Squeezing the lemon or tending the orchard?

Below, Gaynor Humphreys, Director of London Funders, shares some thoughts on the challenges of the coming year and calls for funding that supports resilience, constructive approaches and adaptiveness

London Funders has been tracking two crucial trends in the last few years – the impact on London communities of the global financial crisis and the political response to it in the UK; and the financial context for the voluntary and community sector.

The first of these has been alarming in London, from early signs of ballooning debt, mortgage defaults, mental health problems, family breakdown, domestic violence. At the same time many front-line public services have shrunk or vanished and VCS budgets reduced. Now we are braced for the effect of housing benefit change, the introduction of Universal Credit, continuing housing shortage, localisation of the Social Fund, limitation on access to legal aid and many other intended and unintended consequences of austerity policies. London, with all its complexity and its unique demography and governance, often has a different and harsher impact to face from national changes than other regions. London Funders’ series of meetings, The Funding Landscape, has convened funders for briefings on these issues.

These changes have put increased demands on the VCS at a time when many funders have themselves been challenged. We had the “phoney war” – the period of expected funding crisis for the VCS following hot on the heels of the global financial crisis, when many feared cuts but they were slow to work through.  Even now many independent funders have been managing to maintain previous levels of funding, more or less. Lottery distributors have seen an increase in their funding (though also a challenge to slash their own costs). We have seen both cuts and reorganisation in local authority budgets for the voluntary sector and new approaches to commissioning. We are in the midst of understanding the impact of London Councils’ greatly reduced grants budget. We remind ourselves that it can only get worse as central government takes the shears to local government funding. Cuts will bite deeper in 2013-14 and central government is committed to bigger percentage cuts thereafter.

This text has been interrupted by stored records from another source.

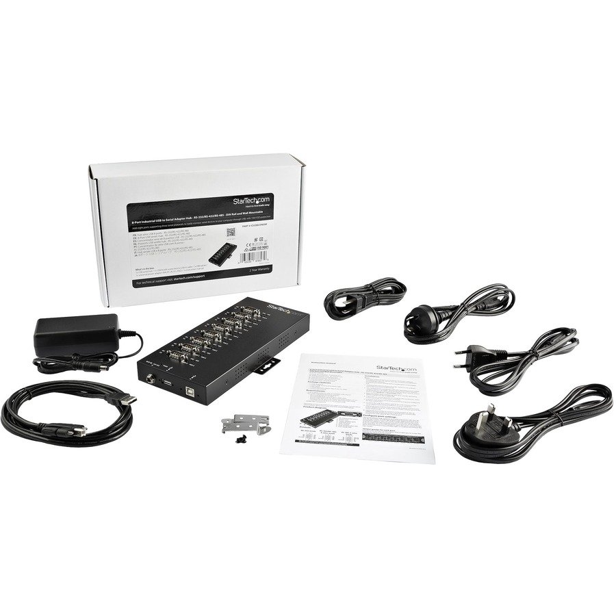 The versatile serial adapter converts a single USB port into eight RS232/RS422/RS485 serial ports, enabling you to connect, monitor, and control a wide range of serial devices, such as sensors, barcode scanners, and LED signage. It supports four operating modes, including RS232, RS422, 4-wire and 2-wire RS485.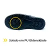 - Solado: PU bidensidade bicolor, com sistema de absorção de impacto, injetado diretamente no cabedal.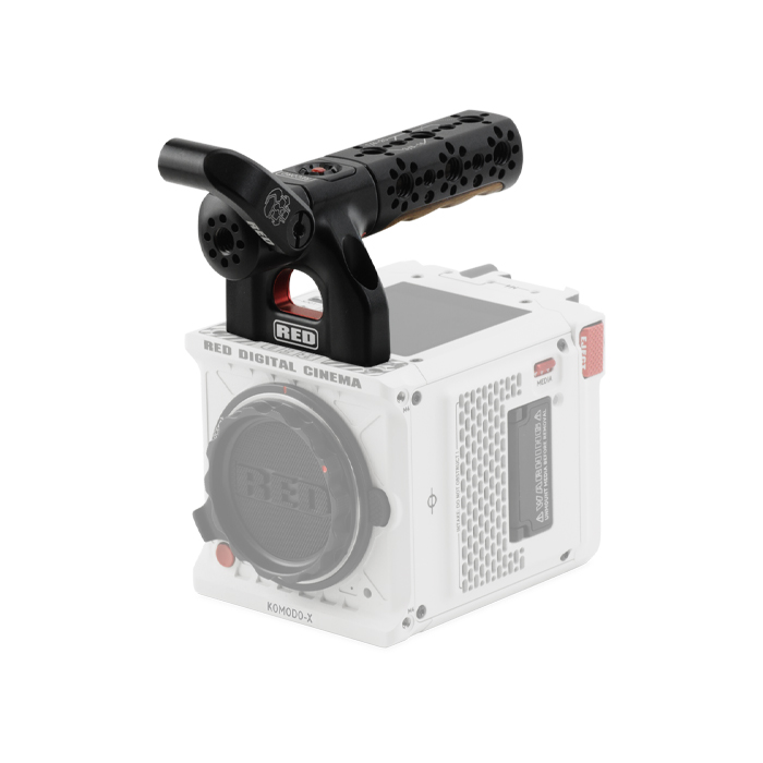 The RED Compact Top Handle easily mounts to the top of the Komodo, Komodo-X, V-Raptor or V-Raptor XL camera bodies while offering a combination of comfort and utility for carrying or shooting with your camera.

But just as some boroughs have found ways to maintain service delivery through redesign and efficiency savings, introduced new grants programmes and improved commissioning procedures, so some voluntary organisations have collaborated and re-engineered their services to achieve more with less. Many funders are finding their own ways of maximising their stretched resources (including through mission- or programme-related investment). We have seen some positive change in the midst of these difficult times.

Can we go on squeezing the lemon in this way? London Funders will work with its members this year and next to understand the essence of London’s needs and issues. We will maintain a focus on young people’s services, advice, housing and homelessness, the localisation of the Social Fund, the impact of increasing poverty. We will seek out the constructive approaches and learn from the best investment in the VCS. We will aim to understand the components of resilience and adaptiveness in voluntary and community organisations and see how they can be fostered through the way funding is offered. We will share knowledge and experience between funders and above all explore how funders together can do more.